Data
--- START ---
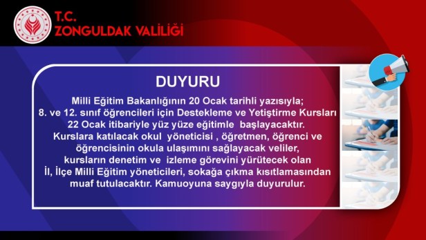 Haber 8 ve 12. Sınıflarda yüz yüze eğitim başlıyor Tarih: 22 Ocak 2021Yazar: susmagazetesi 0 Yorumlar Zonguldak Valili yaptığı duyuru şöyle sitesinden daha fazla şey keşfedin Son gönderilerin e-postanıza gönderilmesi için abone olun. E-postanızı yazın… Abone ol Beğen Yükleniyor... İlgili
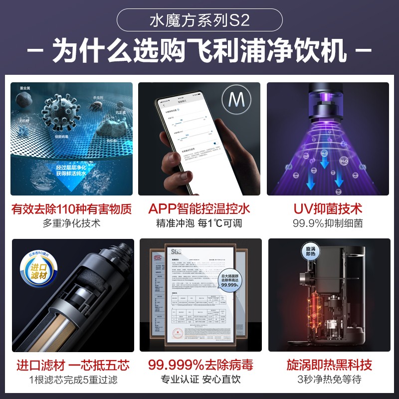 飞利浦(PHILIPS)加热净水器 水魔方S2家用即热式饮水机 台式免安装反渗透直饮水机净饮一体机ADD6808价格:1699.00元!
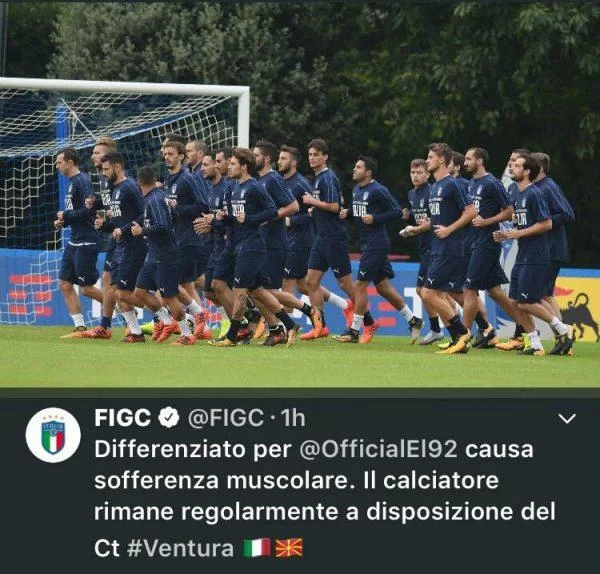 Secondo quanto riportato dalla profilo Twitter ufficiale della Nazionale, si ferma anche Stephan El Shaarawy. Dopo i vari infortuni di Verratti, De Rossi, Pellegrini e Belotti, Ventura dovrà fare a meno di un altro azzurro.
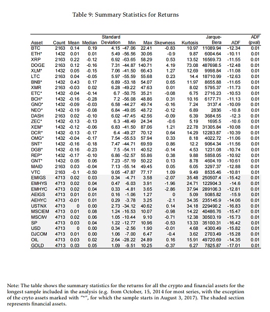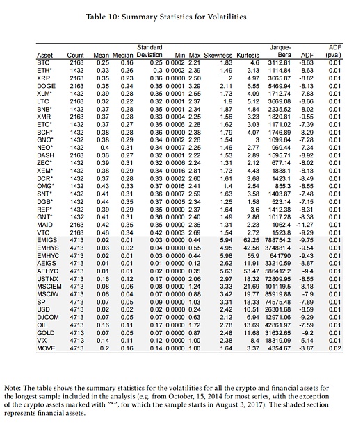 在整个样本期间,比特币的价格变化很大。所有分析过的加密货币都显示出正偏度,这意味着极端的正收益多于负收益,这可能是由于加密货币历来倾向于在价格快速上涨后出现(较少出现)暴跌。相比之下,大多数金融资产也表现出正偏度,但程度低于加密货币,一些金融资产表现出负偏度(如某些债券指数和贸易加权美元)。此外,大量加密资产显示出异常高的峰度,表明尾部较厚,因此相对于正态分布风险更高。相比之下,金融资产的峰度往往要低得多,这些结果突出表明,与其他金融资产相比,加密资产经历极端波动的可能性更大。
--- END ---
Work to complete
The listing above is to be retyped exactly, with all pictures left out.

Response to this exercise
 Haber 8 ve 12. Sınıflarda yüz yüze eğitim başlıyor Tarih: 22 Ocak 2021Yazar: susmagazetesi 0 Yorumlar Zonguldak Valili yaptığı duyuru şöyle sitesinden daha fazla şey keşfedin Son gönderilerin e-postanıza gönderilmesi için abone olun. E-postanızı yazın… Abone ol Beğen Yükleniyor... İlgili
 飞利浦(PHILIPS)加热净水器 水魔方S2家用即热式饮水机 台式免安装反渗透直饮水机净饮一体机ADD6808价格:1699.00元!
 Secondo quanto riportato dalla profilo Twitter ufficiale della Nazionale, si ferma anche Stephan El Shaarawy. Dopo i vari infortuni di Verratti, De Rossi, Pellegrini e Belotti, Ventura dovrà fare a meno di un altro azzurro.
 在整个样本期间,比特币的价格变化很大。所有分析过的加密货币都显示出正偏度,这意味着极端的正收益多于负收益,这可能是由于加密货币历来倾向于在价格快速上涨后出现(较少出现)暴跌。相比之下,大多数金融资产也表现出正偏度,但程度低于加密货币,一些金融资产表现出负偏度(如某些债券指数和贸易加权美元)。此外,大量加密资产显示出异常高的峰度,表明尾部较厚,因此相对于正态分布风险更高。相比之下,金融资产的峰度往往要低得多,这些结果突出表明,与其他金融资产相比,加密资产经历极端波动的可能性更大。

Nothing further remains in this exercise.